*** Data for this task ***
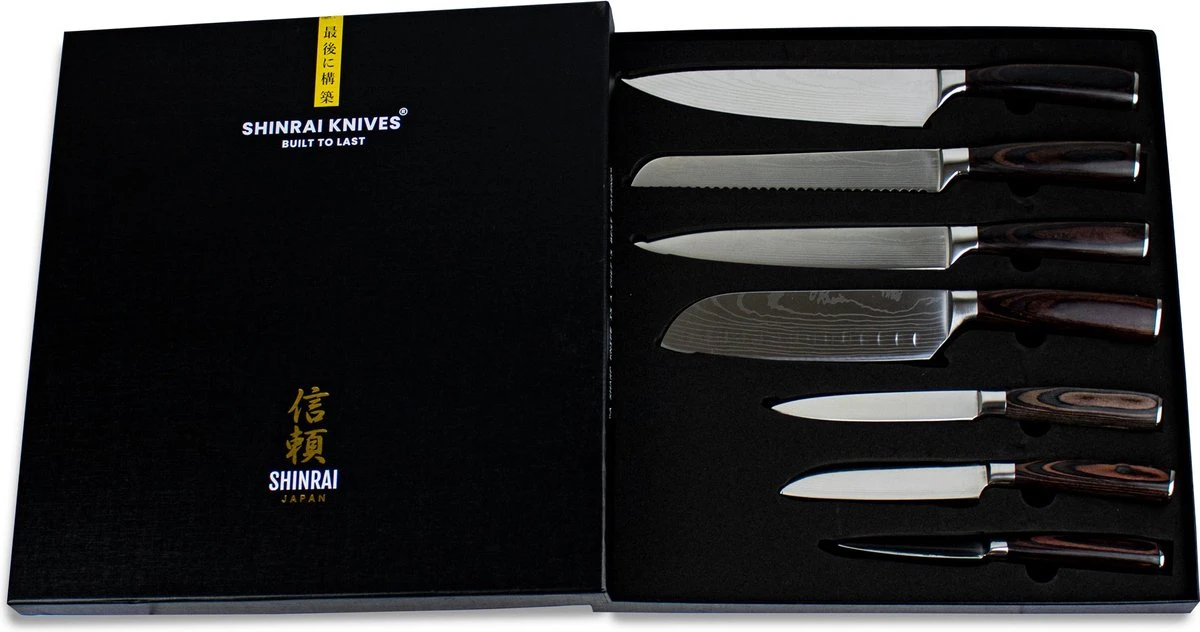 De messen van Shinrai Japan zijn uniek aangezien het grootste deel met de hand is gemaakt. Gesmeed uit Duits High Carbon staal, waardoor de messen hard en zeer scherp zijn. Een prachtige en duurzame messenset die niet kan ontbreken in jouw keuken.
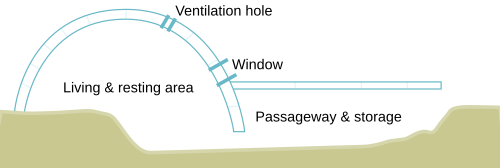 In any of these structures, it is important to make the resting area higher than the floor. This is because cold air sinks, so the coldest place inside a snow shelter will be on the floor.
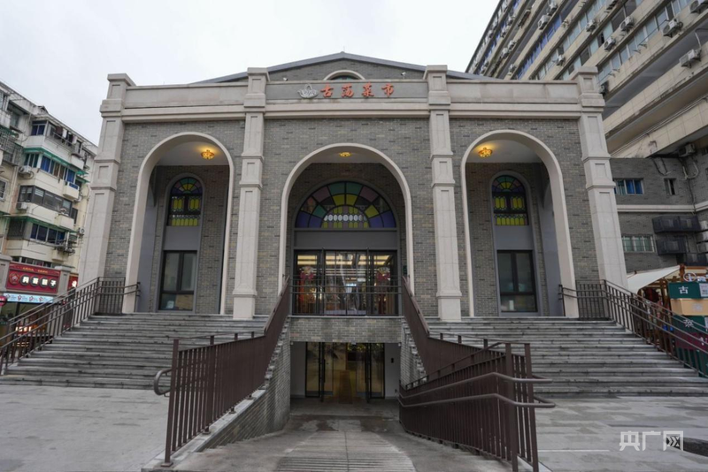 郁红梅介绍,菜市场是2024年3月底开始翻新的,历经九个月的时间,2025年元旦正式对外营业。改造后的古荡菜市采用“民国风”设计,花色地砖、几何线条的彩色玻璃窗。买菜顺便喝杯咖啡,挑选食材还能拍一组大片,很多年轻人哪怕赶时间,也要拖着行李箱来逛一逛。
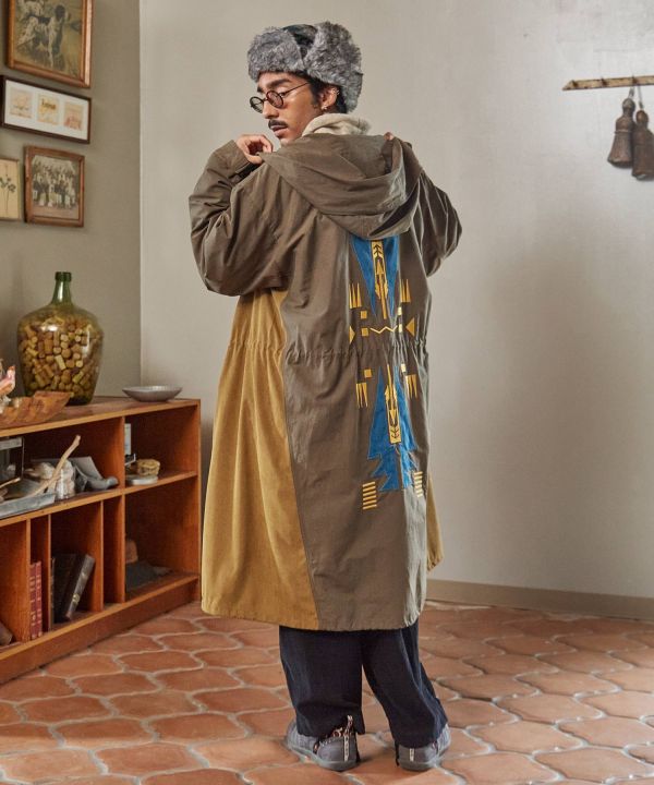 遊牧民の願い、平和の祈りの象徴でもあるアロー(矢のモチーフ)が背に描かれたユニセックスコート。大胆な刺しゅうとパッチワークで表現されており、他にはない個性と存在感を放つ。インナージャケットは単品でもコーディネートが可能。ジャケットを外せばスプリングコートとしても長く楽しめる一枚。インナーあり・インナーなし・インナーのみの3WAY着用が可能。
*** End of Data for this task ***
*** Data for this task ***
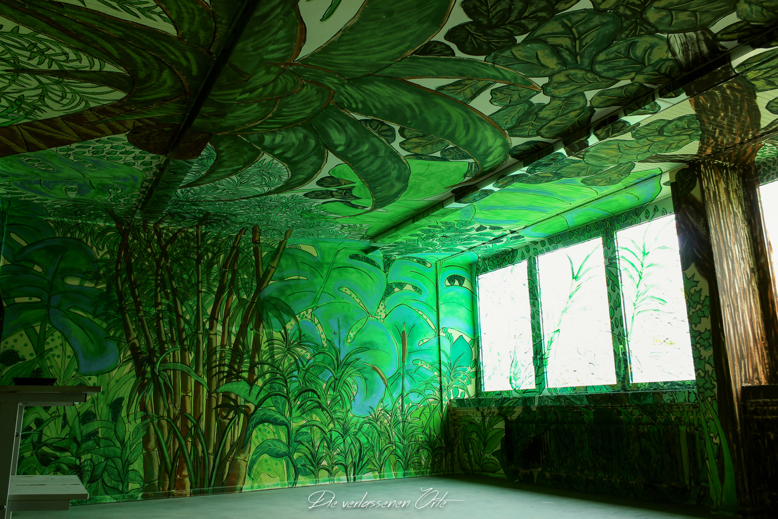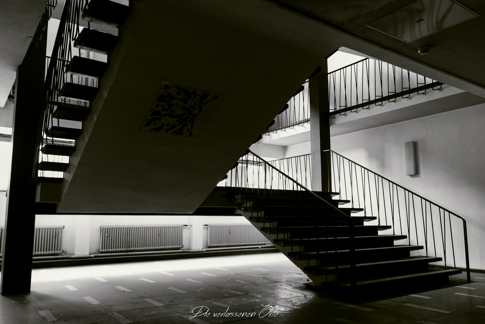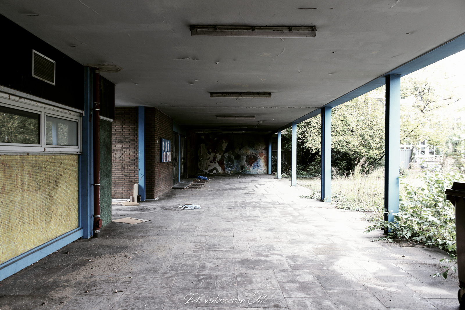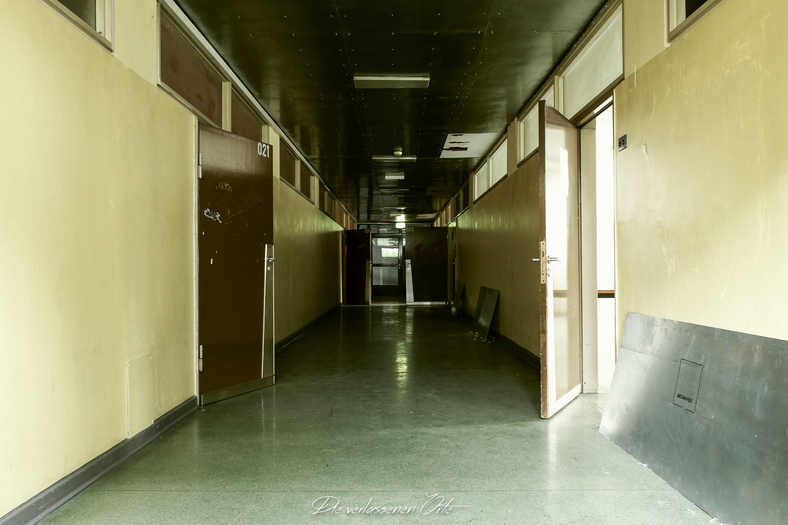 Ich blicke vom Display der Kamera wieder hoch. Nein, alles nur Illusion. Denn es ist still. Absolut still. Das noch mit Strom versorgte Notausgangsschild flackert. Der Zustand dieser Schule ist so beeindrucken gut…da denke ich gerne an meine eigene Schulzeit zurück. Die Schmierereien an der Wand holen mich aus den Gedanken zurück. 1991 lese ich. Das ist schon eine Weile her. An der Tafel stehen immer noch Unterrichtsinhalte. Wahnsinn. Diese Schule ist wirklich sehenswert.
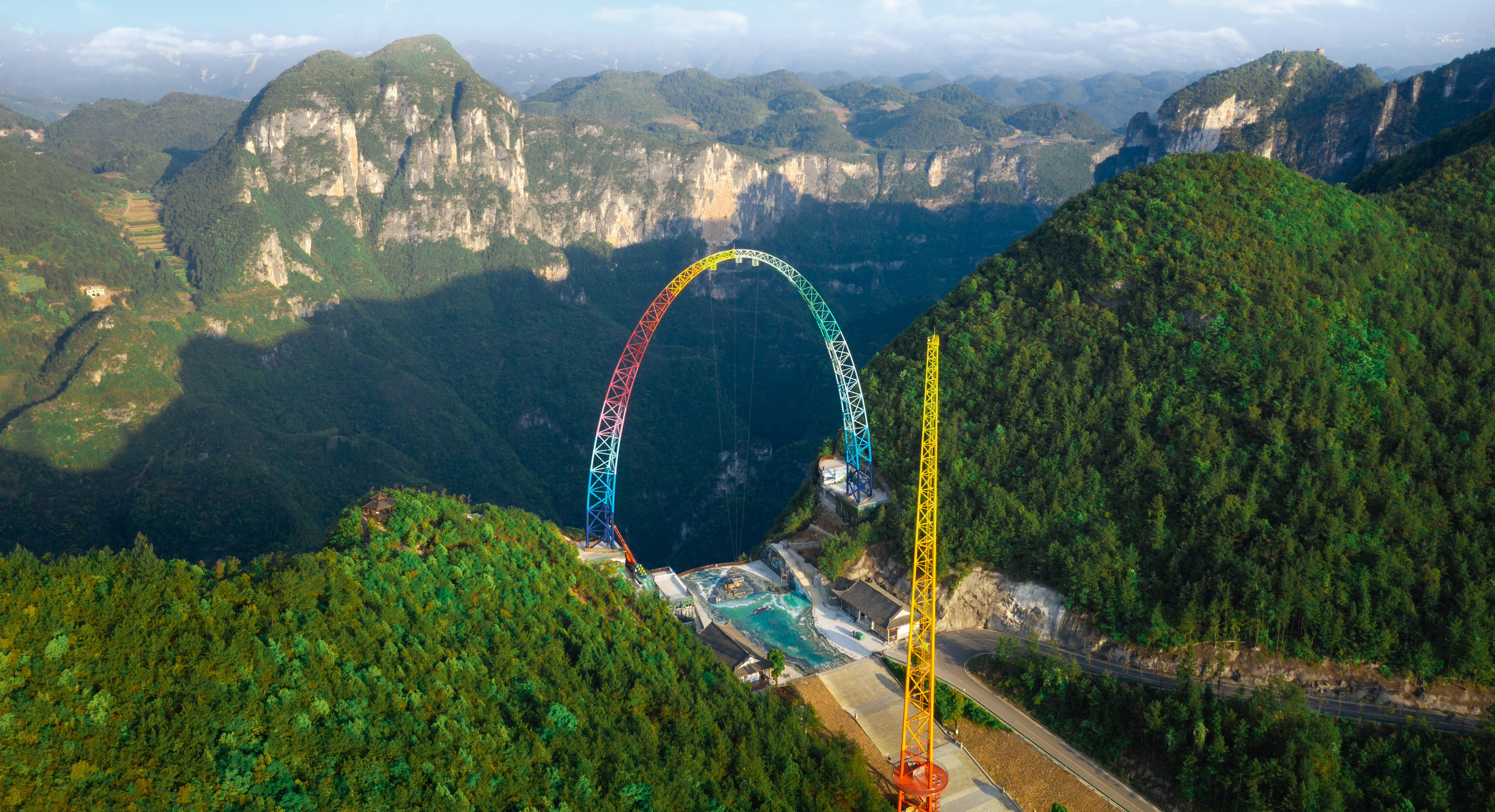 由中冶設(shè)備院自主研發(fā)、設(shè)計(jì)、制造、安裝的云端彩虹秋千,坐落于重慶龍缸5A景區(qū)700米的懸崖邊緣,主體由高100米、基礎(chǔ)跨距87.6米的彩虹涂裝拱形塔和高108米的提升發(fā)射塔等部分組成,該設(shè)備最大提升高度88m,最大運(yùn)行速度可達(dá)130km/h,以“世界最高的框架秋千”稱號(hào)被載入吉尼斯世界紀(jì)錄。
*** End of Data for this task ***
What the task requires: Within the listing above, print exactly the stretch beginning at the line that contains "郁红梅介绍,菜市场是2024" and finishing at the line that contains "遊牧民の願い、平和の祈りの象", ends kept, pictures left out, and nothing more.

Result of the exercise:
 郁红梅介绍,菜市场是2024年3月底开始翻新的,历经九个月的时间,2025年元旦正式对外营业。改造后的古荡菜市采用“民国风”设计,花色地砖、几何线条的彩色玻璃窗。买菜顺便喝杯咖啡,挑选食材还能拍一组大片,很多年轻人哪怕赶时间,也要拖着行李箱来逛一逛。
 遊牧民の願い、平和の祈りの象徴でもあるアロー(矢のモチーフ)が背に描かれたユニセックスコート。大胆な刺しゅうとパッチワークで表現されており、他にはない個性と存在感を放つ。インナージャケットは単品でもコーディネートが可能。ジャケットを外せばスプリングコートとしても長く楽しめる一枚。インナーあり・インナーなし・インナーのみの3WAY着用が可能。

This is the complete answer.